==== Supplied data ====

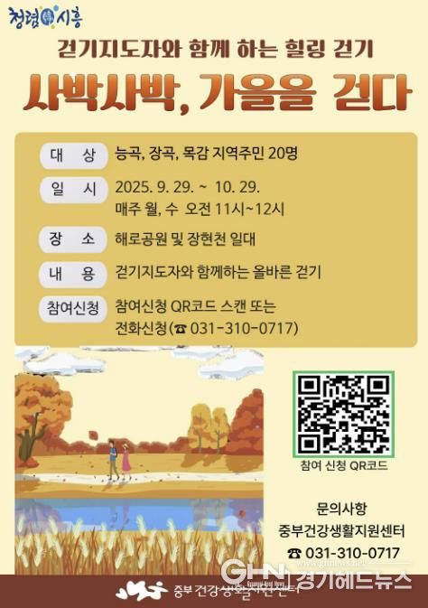 경기헤드뉴스 성미연 기자 | 시흥시에서는 9월 29일부터 10월 29일까지 매주 월ㆍ수요일 오전 11시부터 12시 능곡동 해로공원 및 장현천 일대에서 ‘사박사박 가을을 걷다’ 프로그램을 운영한다.
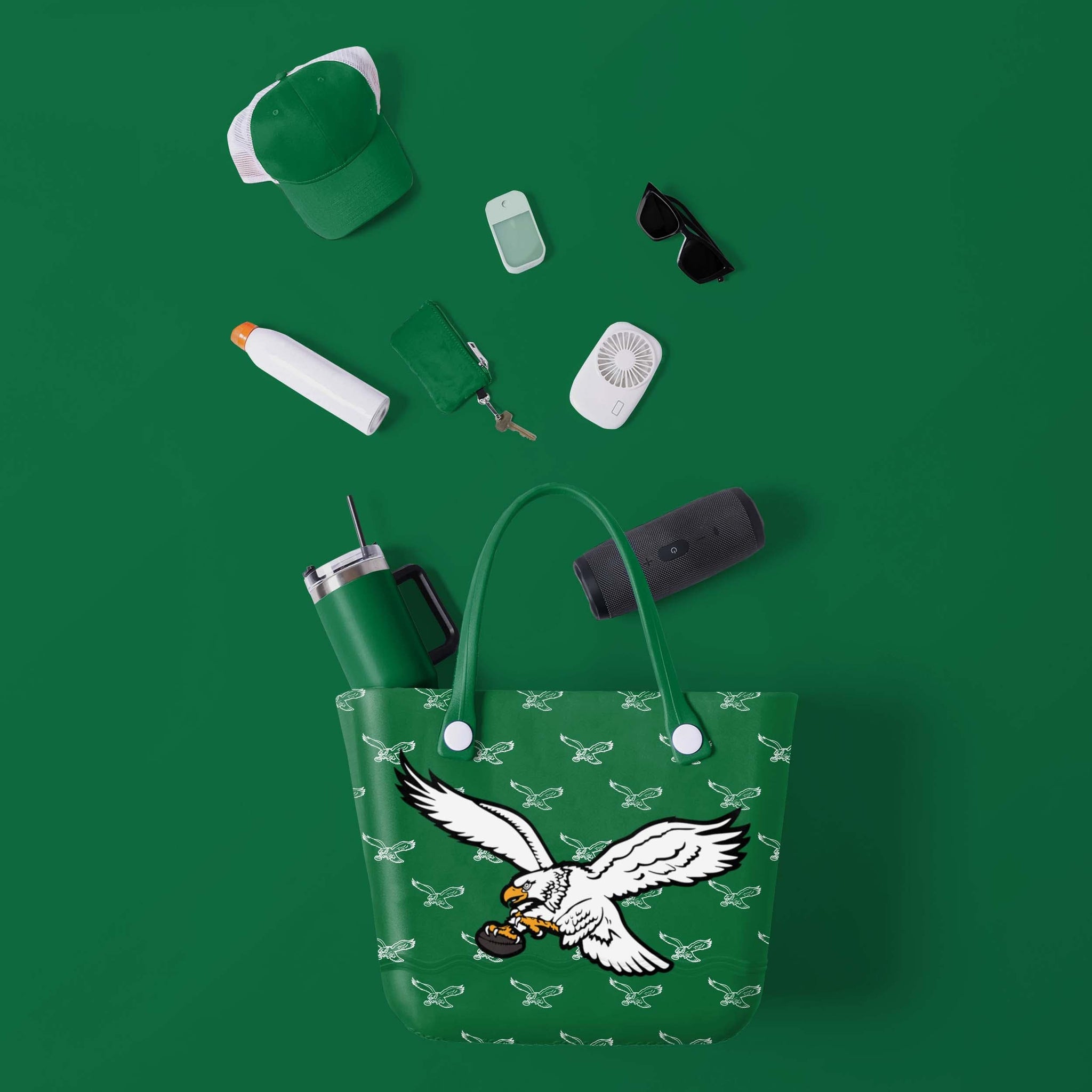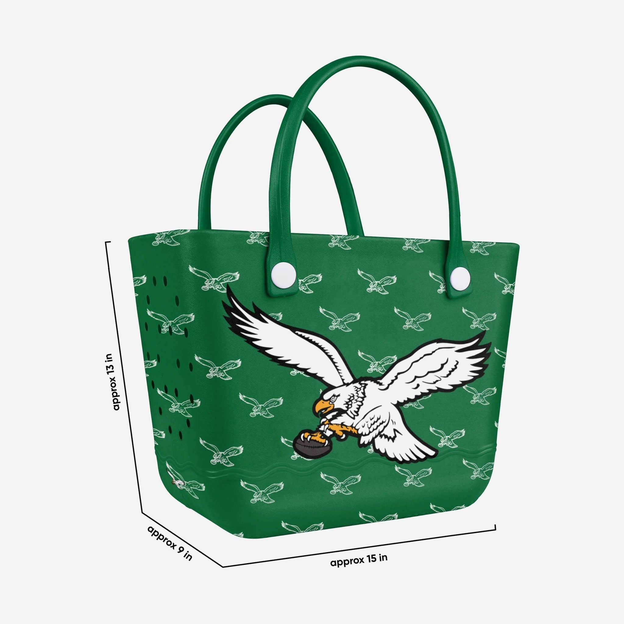 Looking for a bag as durable and dependable as your team spirit? You've found it. Whether you're running the tailgate, hitting the beach, or going on any adventure, pack up your fandom and take it on the go with this Philadelphia Eagles Kelly Green Big Logo Mini Print Tailgate Tote Bag.
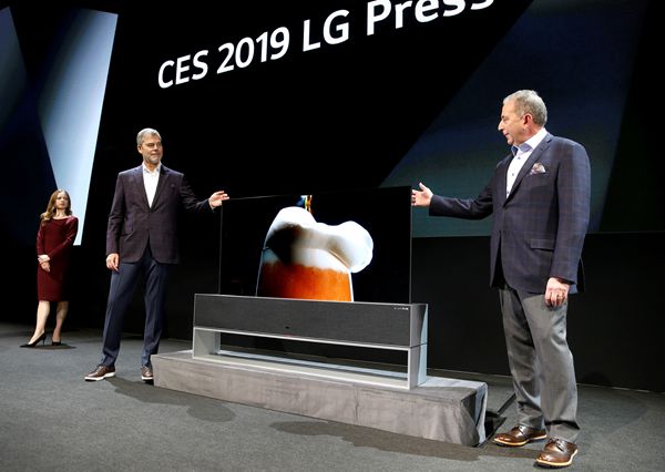 【香港商報网訊】當地時間7日上午8點,2019年美國消費電子展(CES)的第一場企業發布會,在拉斯維加斯由LG拉開帷幕。該公司推出的全球首部可捲曲OLED電視備受關注。
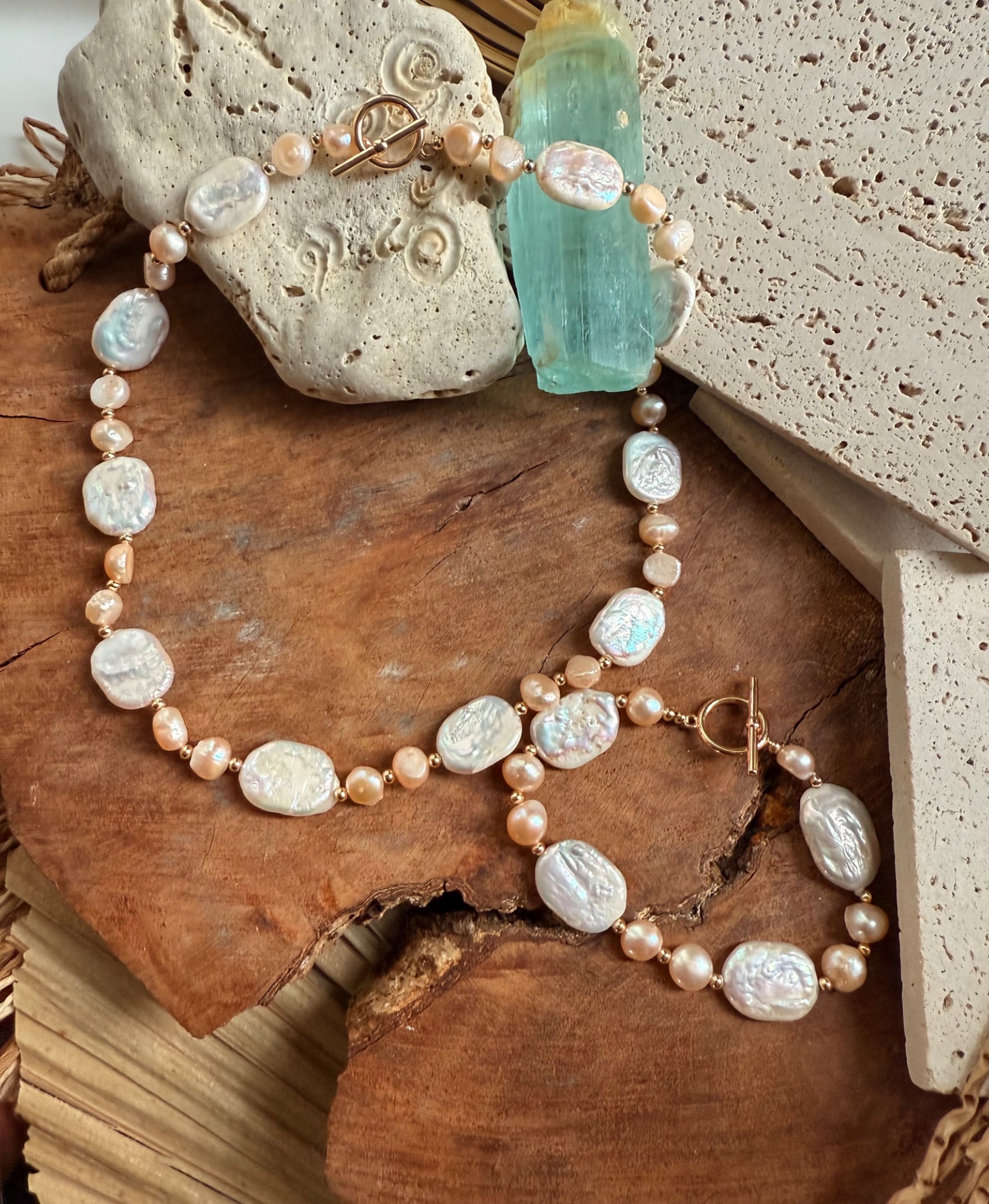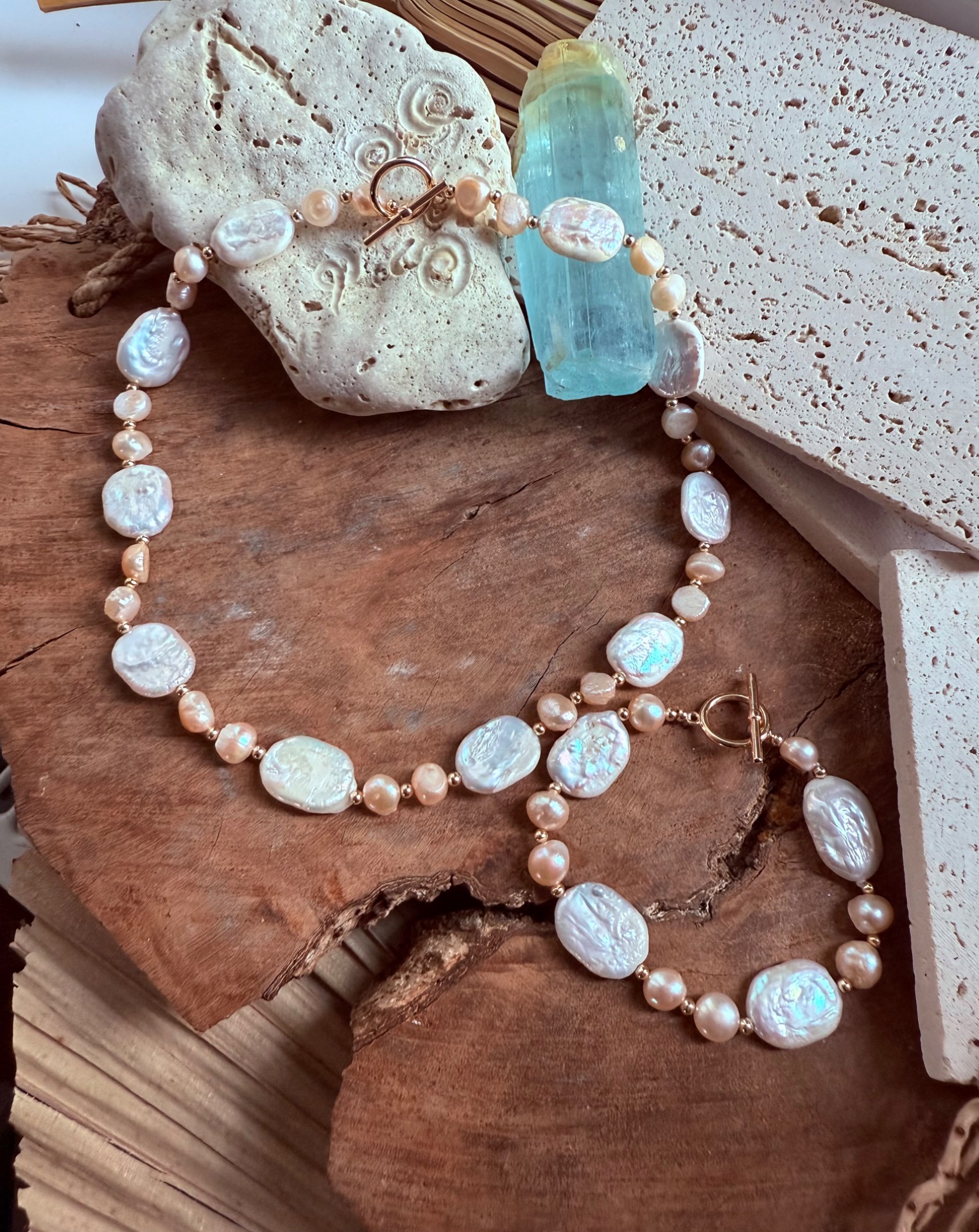 Afrodita – Set náhrdelníka a náramku z riečnych a barokových perál

====

**Brief**
Except for the pictures, write the data out exactly.

**Task response**
 경기헤드뉴스 성미연 기자 | 시흥시에서는 9월 29일부터 10월 29일까지 매주 월ㆍ수요일 오전 11시부터 12시 능곡동 해로공원 및 장현천 일대에서 ‘사박사박 가을을 걷다’ 프로그램을 운영한다.
 Looking for a bag as durable and dependable as your team spirit? You've found it. Whether you're running the tailgate, hitting the beach, or going on any adventure, pack up your fandom and take it on the go with this Philadelphia Eagles Kelly Green Big Logo Mini Print Tailgate Tote Bag.
 【香港商報网訊】當地時間7日上午8點,2019年美國消費電子展(CES)的第一場企業發布會,在拉斯維加斯由LG拉開帷幕。該公司推出的全球首部可捲曲OLED電視備受關注。
 Afrodita – Set náhrdelníka a náramku z riečnych a barokových perál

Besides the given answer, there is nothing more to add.